The figure of the rider was thin, tall, and slender, but remarkably athletic, bony, and sinewy; like one who had all his life followed those violent exercises which prevent the human form from increasing in bulk, while they harden and confirm by habit its muscular powers. His face, sharp-featured, sun-burnt, and freckled, had a sinister expression of violence, impudence, and cunning, each of which seemed alternately to predominate over the others. Sandy-coloured hair, and reddish eyebrows, from under which looked forth his sharp grey eyes, completed the inauspicious outline of the horseman’s physiognomy. He had pistols in his holsters, and another pair peeped from his belt, though he had taken some pains to conceal them by buttoning his doublet. He wore a rusted steel head piece; a buff jacket of rather an antique cast; gloves, of which that for the right hand was covered with small scales of iron, like an ancient gauntlet; and a long broadsword completed his equipage.
“So,” said the Dwarf, “rapine and murder once more on horseback.”
“On horseback?” said the bandit; “ay, ay, Elshie, your leech-craft has set me on the bonny bay again.”
“And all those promises of amendment which you made during your illness forgotten?” continued Elshender.
“All clear away, with the water-saps and panada,” returned the unabashed convalescent. “Ye ken, Elshie, for they say ye are weel acquent wi’ the gentleman,
“When the devil was sick, the devil a monk would be,When the devil was well, the devil a monk was he.”
“Thou say’st true,” said the Solitary; “as well divide a wolf from his appetite for carnage, or a raven from her scent of slaughter, as thee from thy accursed propensities.”
“Why, what would you have me to do?
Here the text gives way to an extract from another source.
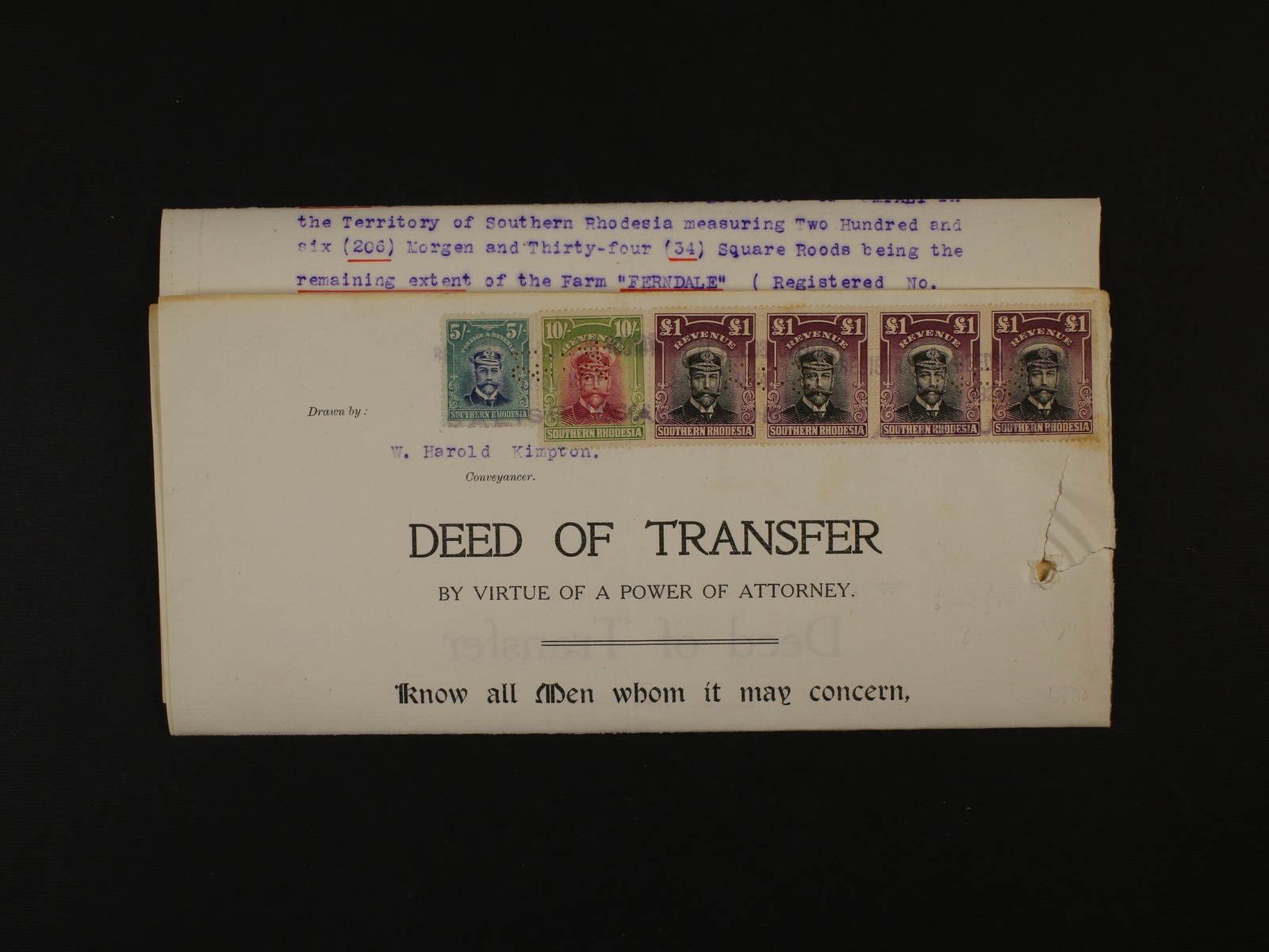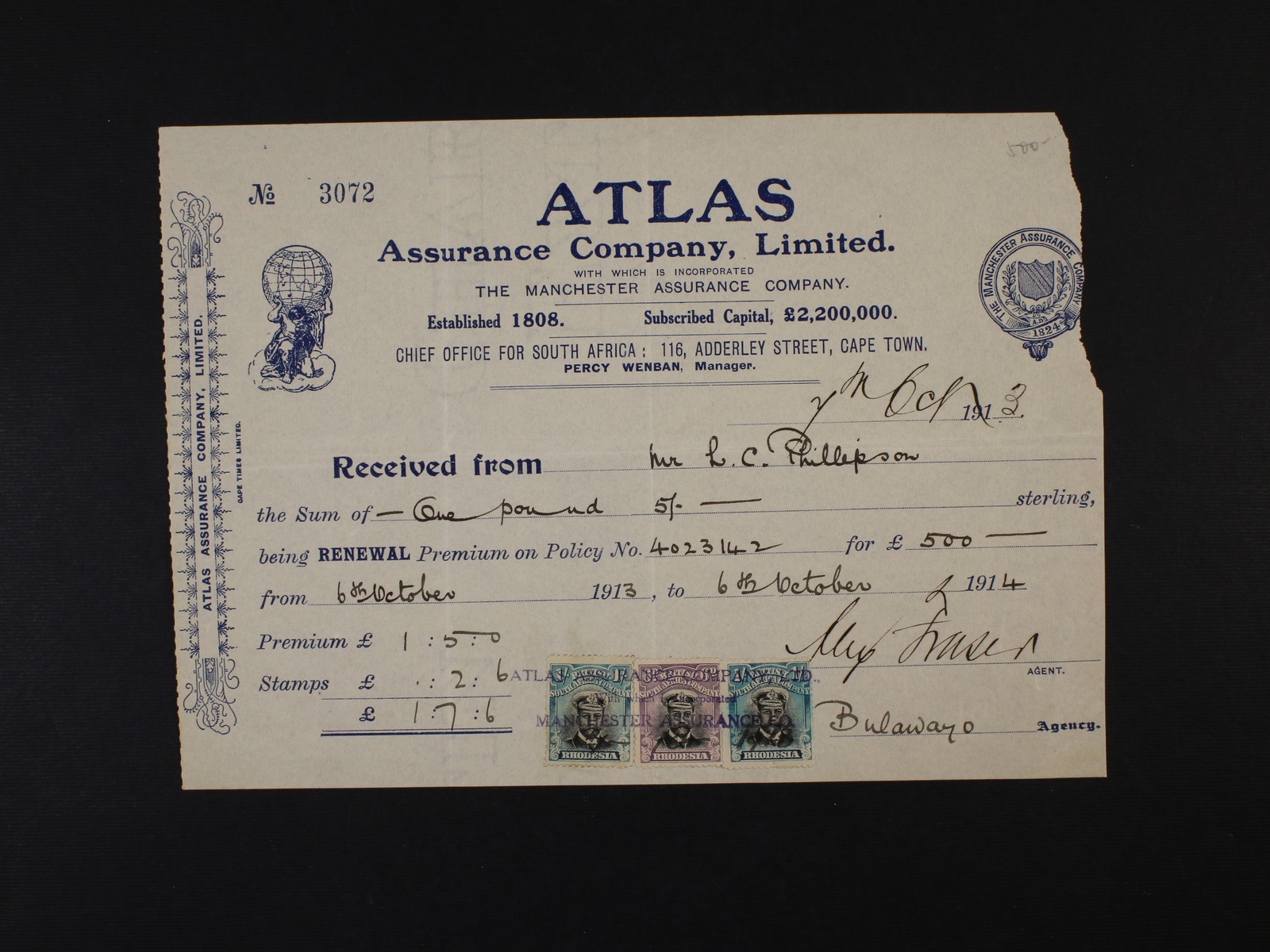 1637 Britská Jižní Afrika - Rhodesie - pojišťovací smlouva z r. 1914 s vylepenými zn. Mi. č. 127 II, 130 II (2x), znehodnoc. řádkovým fiskálním raz. 500

It’s born with me—lies in my very blude and bane. Why, man, the lads of Westburnflat, for ten lang descents, have been reivers and lifters. They have all drunk hard, lived high, taking deep revenge for light offence, and never wanted gear for the winning.”
“Right; and thou art as thorough-bred a wolf,” said the Dwarf, “as ever leapt a lamb-fold at night. On what hell’s errand art thou bound now?”
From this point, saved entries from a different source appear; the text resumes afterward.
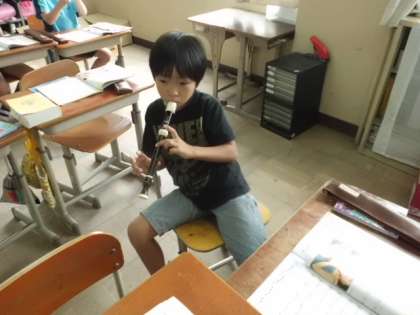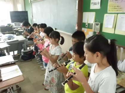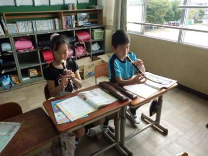 せんりつの感じを生かしてリコーダー演奏をしていました。パートに別れて演奏し,音の重なりも楽しんでいました。個別練習でも一生けんめい練習する姿が見られました。
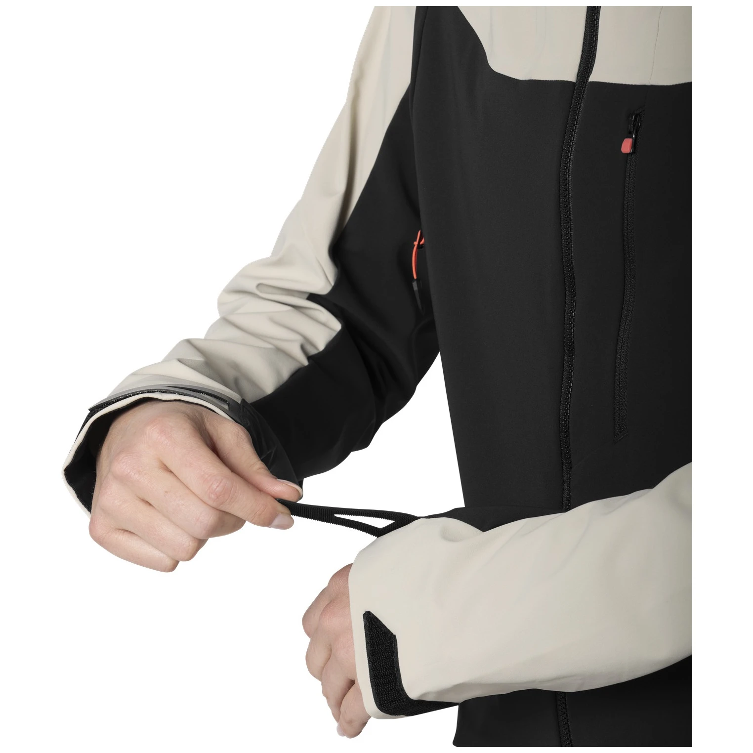 Elle est 100 % coupe-vent et vous offre une protection efficace contre la pluie légère ou la neige grâce au traitement DWR sans PFC. Grâce à la haute respirabilité du tissu résistant, vous ne transpirez pas lors des montées difficiles et votre température corporelle reste toujours parfaitement régulée. L'intérieur gratté du tissu est agréablement doux au toucher. Les zips sous les bras offrent une ventilation supplémentaire lors des journées chaudes ou en cas d'effort particulièrement intense.
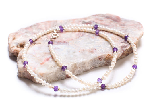 Süßwasser-Saatperle 3–3,5 mm, Halskette aus 925er Sterlingsilber, Auswahl nur mit Perle oder mit echtem Amethyst-Abstandshalter, Weihnachtsgeschenk
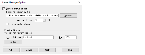 If this checkbox is selected, the states of usage of the licenses are recorded in a log file. If this checkbox is not selected, a log file is not saved.

“Can your skill not guess?”
“Thus far I know,” said the Dwarf, “that thy purpose is bad, thy deed will be worse, and the issue worst of all.”
“And you like me the better for it, Father Elshie, eh?” said Westburnflat; “you always said you did.”
“I have cause to like all,” answered the Solitary, “that are scourges to their fellow-creatures, and thou art a bloody one.”
“No—I say not guilty to that—lever bluidy unless there’s resistance, and that sets a man’s bristles up, ye ken. And this is nae great matter, after a’; just to cut the comb of a young cock that has been crawing a little ower crousely.”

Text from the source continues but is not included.